_Task requirements:_ Write out the data exactly, please, and omit the pictures.
■ ■ ■
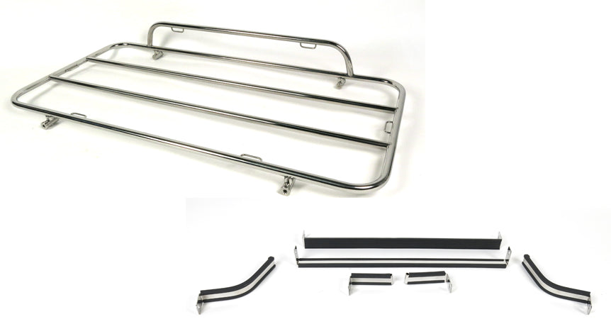 Luggage rack for Mercedes R107 SL models from 1972-1989.Made in Germany.Top quality, Stainless steel.Easy installation, it clamps on the front an back edges of the boot lid and has rubber feet to protect the paintwork.Fitting instructions with pictures.
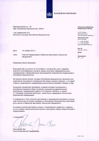 Международный проект Башкортостана и Королевства Нидерландов «Уфимский фестиваль искусств – 2017. “Искусство объединяет”».
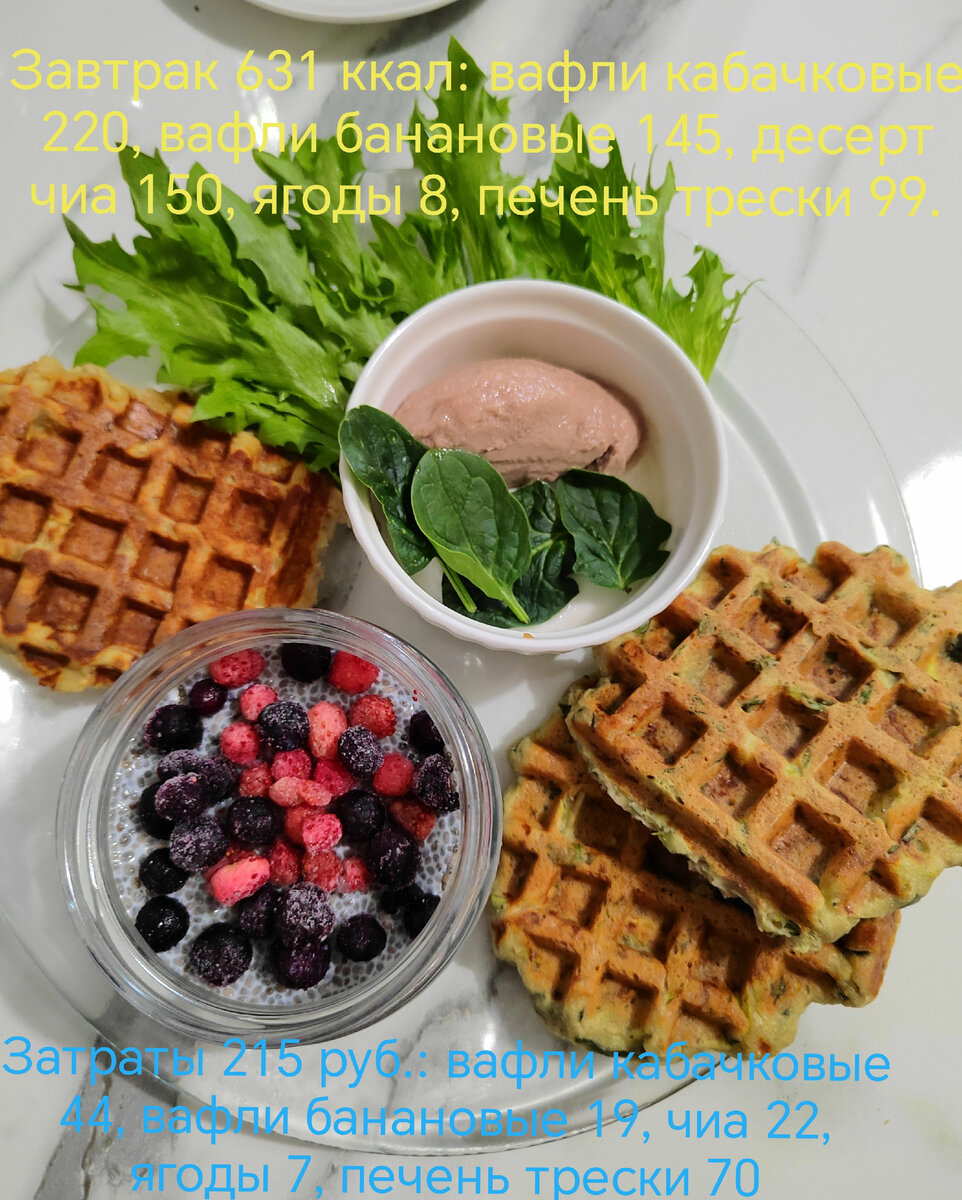 Сегодня на завтрак вафли кабачково-шпинатные на муке из зеленой гречки 2 шт, вафли бананово-яблочные на миндальной и овсяной муке 1 шт., печень трески 25 гр, чиа-десерт с ягодами. Ингредиенты для кабачковых вафель: 100 гр муки из зелёной гречки 150 гр кабачка 20 гр шпината 1 яйцо 100 гр 20% сметаны Соль Кабачок натереть, шпинат порезать, все смешать. Выпекать по 4 мин с каждой стороны. Выход 6 вафель, по 110 ккал и 22 руб каждая. Ингредиенты для десертных вафель: 50 гр миндальной муки 50 гр овсяной муки 1 сочное яблоко 1 спелый банан 20 гр кокосового масла. Молоко (добавить, если сочности яблока не хватит) Яблоко натереть, банан размять, масло растопить, все смешать. Выпекать по 4 мин с каждой стороны. Выход 6 вафель, по 145 ккал и 19 руб каждая.
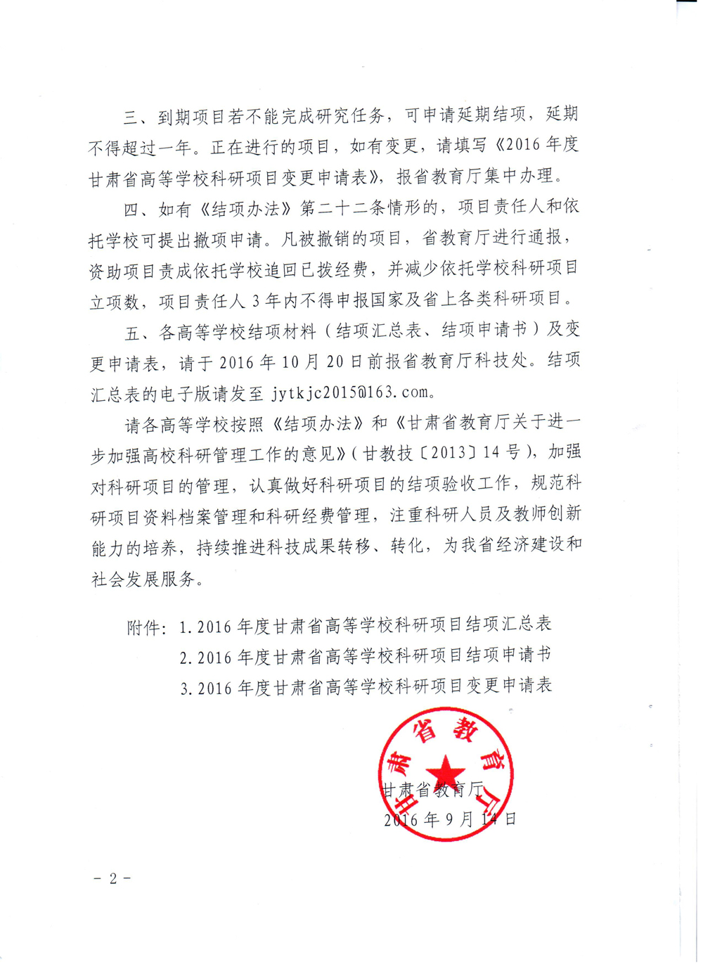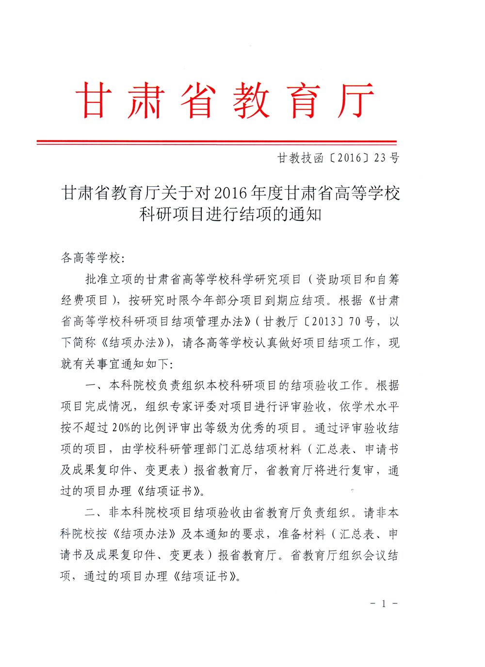 轉(zhuǎn)發(fā)甘肅省教育廳《關(guān)于2016年度甘肅省高等學(xué)校科研項(xiàng)目結(jié)項(xiàng)的通知》
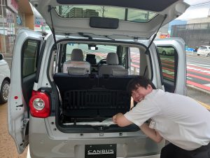 トランクには傘置き場も追加されたムーヴキャンバス、土曜日から試乗が可能です。
■ ■ ■
_Exercise output:_
 Luggage rack for Mercedes R107 SL models from 1972-1989.Made in Germany.Top quality, Stainless steel.Easy installation, it clamps on the front an back edges of the boot lid and has rubber feet to protect the paintwork.Fitting instructions with pictures.
 Международный проект Башкортостана и Королевства Нидерландов «Уфимский фестиваль искусств – 2017. “Искусство объединяет”».
 Сегодня на завтрак вафли кабачково-шпинатные на муке из зеленой гречки 2 шт, вафли бананово-яблочные на миндальной и овсяной муке 1 шт., печень трески 25 гр, чиа-десерт с ягодами. Ингредиенты для кабачковых вафель: 100 гр муки из зелёной гречки 150 гр кабачка 20 гр шпината 1 яйцо 100 гр 20% сметаны Соль Кабачок натереть, шпинат порезать, все смешать. Выпекать по 4 мин с каждой стороны. Выход 6 вафель, по 110 ккал и 22 руб каждая. Ингредиенты для десертных вафель: 50 гр миндальной муки 50 гр овсяной муки 1 сочное яблоко 1 спелый банан 20 гр кокосового масла. Молоко (добавить, если сочности яблока не хватит) Яблоко натереть, банан размять, масло растопить, все смешать. Выпекать по 4 мин с каждой стороны. Выход 6 вафель, по 145 ккал и 19 руб каждая.
 轉(zhuǎn)發(fā)甘肅省教育廳《關(guān)于2016年度甘肅省高等學(xué)校科研項(xiàng)目結(jié)項(xiàng)的通知》
 トランクには傘置き場も追加されたムーヴキャンバス、土曜日から試乗が可能です。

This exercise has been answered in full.